日記

とみいえひろこ/日記

2022.01.10

スナウラ・テイラー 今津有梨・訳『荷を引く動物たち 動物の解放と障害者の解放』(洛北出版)

繁殖と搾取を通してわたしたちが生み出した倫理的問題のかずかずを解きほどくことを試みる前に、わたしたちは、異なる動物たちに対するわたしたちの責任にかんして、たくさんの複雑な問いを想起せねばならない。

 

なんでもいいけど例えば、「繁殖と搾取を通してわたしたちが生み出した倫理的問題のかずかずを解きほどく」のだと決めてかかる前に、わたしは、わたしはひとり、すぐそばにいながらふっと捨ててしまいそうになるこの未知のむにゃむにゃと、(わたしからみて)通じ合う言葉など捨て、何があっても、何にならなくても、一緒にいなければならない。離れるときが来ても、もう見てしまったのだから見てしまったもの自体はわたしの責任になった。これは相手のことではなく自分のことなのだ。既に知っている(と思っている)やり方や見方でうまくいったり切り抜けられるはずがない。「たくさんの複雑な問い」をごまかさないように注意すること、どうやって注意すればいいのかわからないところを。一緒にいる、ということ自体がわからない。わからないまま、いなければならない。

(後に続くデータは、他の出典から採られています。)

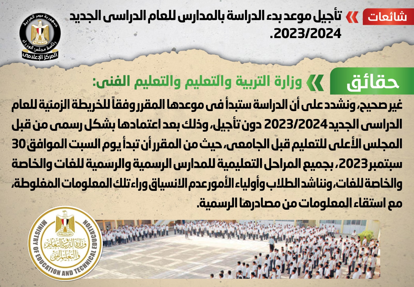 وشددت على أن الدراسة ستبدأ في موعدها المقرر وفقًا للخريطة الزمنية للعام الدراسي الجديد 2023 - 2024 دون تأجيل، وذلك بعد اعتمادها بشكل رسمي من قبل المجلس الأعلى للتعليم قبل الجامعي، حيث من المقرر أن تبدأ يوم السبت الموافق 30 سبتمبر 2023، بجميع المراحل التعليمية للمدارس الرسمية والرسمية للغات والخاصة والخاصة للغات، مناشدة الطلاب وأولياء الأمور عدم الانسياق وراء تلك المعلومات المغلوطة، مع استقاء المعلومات من مصادرها الرسمية.

最近思うのは、なにかちょっとした選択が必要になるたびに思うのは、もっとほんとうにわたしは彼のことをなんにもわかっていないのだということ、わからない未知の方法をいつもなんとか見つけてやってみて、うまくいかないだろう中でなんとか切り抜けられる道すじをつけるしかないのだということ。うまくいっているように感じるときは、ぜんぶたぶんこちらの道理でものごとを見ているだけなんだということ、見誤っているということ。

 

『続・井坂洋子詩集』(思潮社)をお風呂で読んだ。縛りがないとわたしは不安ですーっと読み飛ばしてしまう。ゆっくり読む、ゆっくりやる、ということをとても難しく思う性質だから、読むということの深みがわからない、とくに自由詩として括られたものがぜんぜんわからない。重たい、そこにぜんぶつまっているはずのものを受け取っているはずなのに受け取りどころがわからなくてまるごと落っことしてしまう、といつも思っていた。おかしな期待をかけているのだとも思う。

読んでいて、ああ、こういう軽さなんだとふと思ったタイミングがあった。こういう、価値や善悪や自他の境界に意味をおかない、何も意味をこの場所に残さない軽さを目指す言葉の操作なんだ。

通じる言葉や使える言葉というものがあるということにして、いろいろなルールにまもられながらいつもわたしもひとつの劇に参加しているけれど、もちろん場所が変われば違うルールがある、違う価値がある、違う言葉の役割がある。この場所からふっと落ちることが、いつでも、今でも、できる。そっちがわの世界にも受け皿はある。輪郭のうすいその場所で、必要に迫られて出てきた言葉の連なりの運動、その受け皿からもまた逃れていく運動。